MLA for Riverdale South
- In office 1982–1996
- Preceded by: Ron Veale
- Succeeded by: Sue Edelman

Personal details
- Born: January 27, 1946 Yorkton, Saskatchewan, Canada
- Died: June 20, 2008 (aged 62) Yukon, Canada
- Party: Progressive Conservative → Independent Alliance
- Spouse: Thomas P. Firth
- Occupation: nurse

= Bea Firth =

Canadian politician

Beatrice Ann Firth (January 27, 1946 – June 20, 2008) was a Canadian politician, who represented the electoral district of Riverdale South in the Yukon Legislative Assembly from 1982 to 1996. She was a member of the Yukon Progressive Conservative Party.

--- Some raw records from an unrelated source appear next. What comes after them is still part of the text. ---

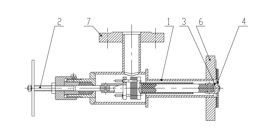 Конденсатоотводчик состоит из корпуса (1) с встроенным седлом (4) и с присоединительными фланцами (6,7), настроечного винта (2). Внутри корпуса смонтированы термочувствительный клапанный блок (3) с пакетом биметаллических пластин и плоских пружин.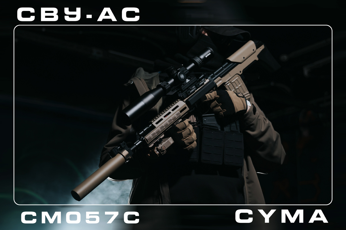 Снайперская тема в страйкболе — это всегда особая романтика. Маскировка, выжидание, один точный выстрел... Но давайте начистоту: классические снайперские винтовки часто напоминают весла, с которыми невозможно развернуться в лесу, не говоря уже о CQB-полигонах. Поэтому сегодня мы поговорим о нестандартном, но безумно интересном решении — СВУ-АС от Cyma (модель CM057C). Это компактная марксманская винтовка на базе легендарной СВД, которая ломает стереотипы о неповоротливых снайперах. Уже звучит интересно? Добавьте сюда современное цевье M-LOK, шикарный цвет Tan и надежную «цимовскую» начинку — и получите один из самых харизматичных стволов на полигоне. Давайте разберем ее по косточкам. Первое, что бросается в глаза — характерный силуэт СВУ-АС с компоновкой булл-пап (когда магазин и УСМ находятся позади рукоятки управления огнем). Для страйкбола это не просто дань эстетике, а чистый функционал: Компактность. Общая длина винтовки позволяет комфортно работать в густом лесу и даже заходить в
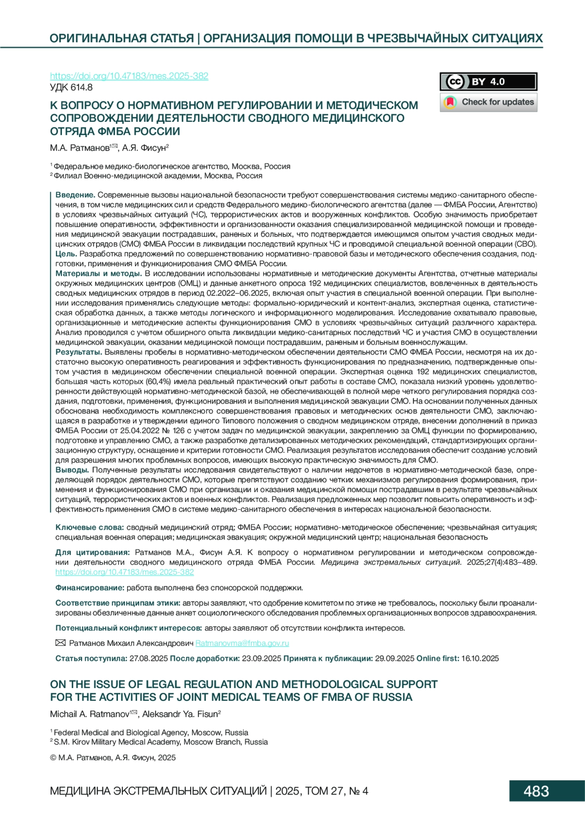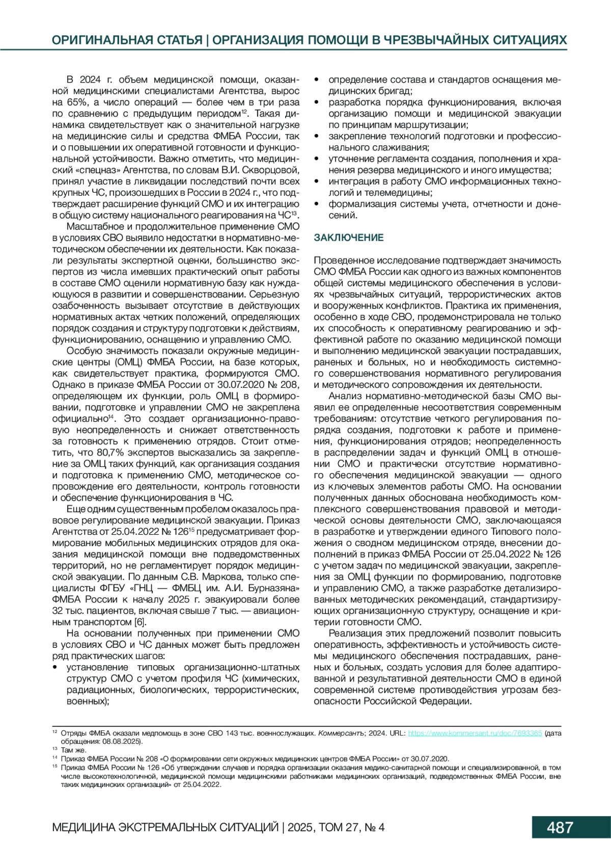 Результаты. Выявлены пробелы в нормативно-методическом обеспечении деятельности СМО ФМБА России, несмотря на их достаточно высокую оперативность реагирования и эффективность функционирования по предназначению, подтвержденные опытом участия в медицинском обеспечении специальной военной операции. Экспертная оценка 192 медицинских специалистов, большая часть которых (60,4%) имела реальный практический опыт работы в составе СМО, показала низкий уровень удовлетворенности действующей нормативно-методической базой, не обеспечивающей в полной мере четкого регулирования порядка создания, подготовки, применения, функционирования и выполнения медицинской эвакуации СМО. На основании полученных данных обоснована необходимость комплексного совершенствования правовых и методических основ деятельности СМО, заключающаяся в разработке и утверждении единого Типового положения о сводном медицинском отряде, внесении дополнений в приказ ФМБА России от 25.04.2022 № 126 с учетом задач по медицинской эвакуации, закреплению за ОМЦ функции по формированию, подготовке и управлению СМО, а также разработке детализированных методических рекомендаций, стандартизирующих организационную структуру, оснащение и критерии готовности СМО. Реализация результатов исследования обеспечит создание условий для разрешения многих проблемных вопросов, имеющих высокую практическую значимость для СМО.
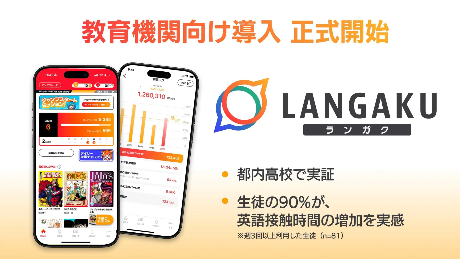 Langakuは、マンガで楽しく英語多読を行うことで、自然に英語脳をつくることを目指したアプリ。「楽しいから続く」を起点に英語学習を習慣化し、自然な形で読解力・語彙力の向上を支援する。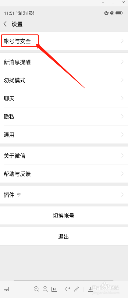 1:打开我们的微信“设置”,点击之后看到“账号与安全”,进入下一步。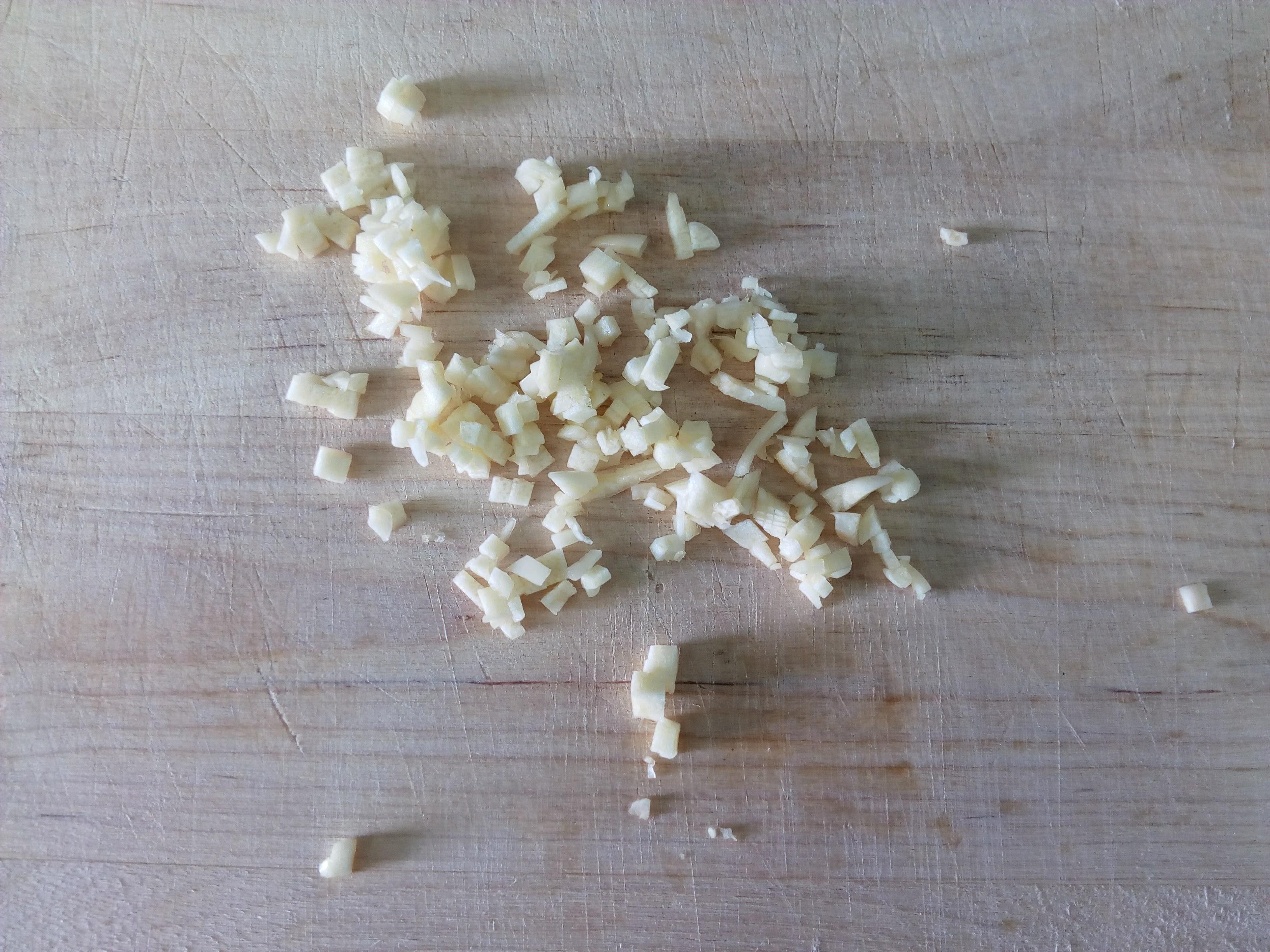 Em seguida, pique um dente de alho finamente. Aqueça as duas colheres de sopa de óleo em uma panela e refogue o alho picadinho.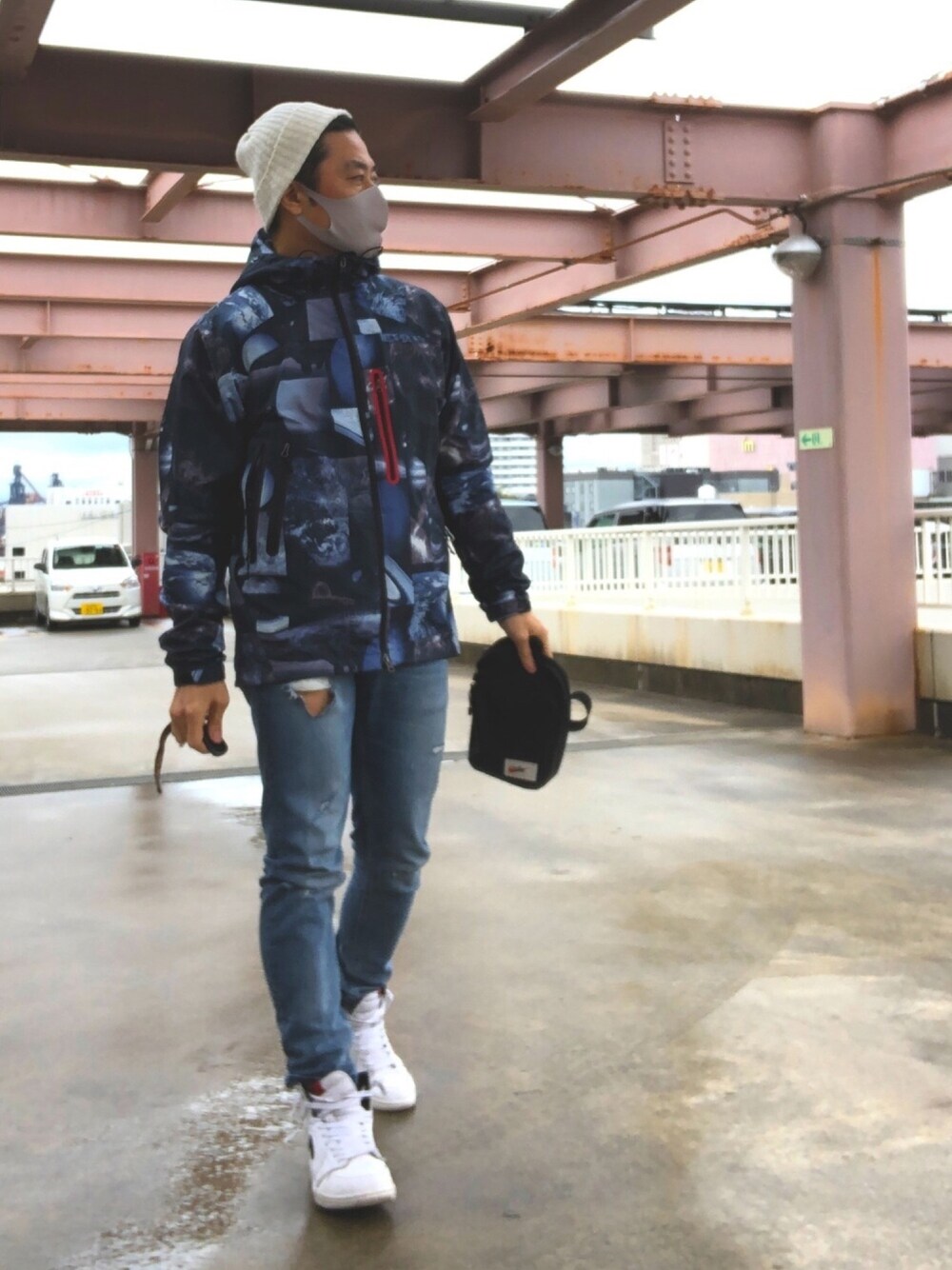 雨の日はナイロンジャケットにAJ1👟 今日の雨で桜が散るかな🌸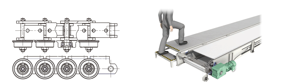 在傳統的輸送鏈中,有必要挖掘凹坑並安裝輸送帶,但是通過使鏈條短間距,可以實現低地板輸送帶,並且在不挖掘凹坑的情況下將輸送帶安裝在地板上通過這樣做,我們縮短了安裝工期。

Born in Yorkton, Saskatchewan in 1946, she worked as a registered nurse before entering politics. Firth moved to Whitehorse in 1967 and worked at the Whitehorse General Hospital.

She first ran in a by-election in Riverdale South in 1981, losing to Ron Veale, but won the seat in the 1982 election. She sat as a member of the Yukon Progressive Conservative Party until 1991, when she was one of two MLAs, along with Alan Nordling, who quit the caucus in protest against the party's change of name to the Yukon Party. Firth and Nordling thereafter sat as the only members of the Independent Alliance.

Firth did not run in the 1996 election.

She died on June 20, 2008, of cancer.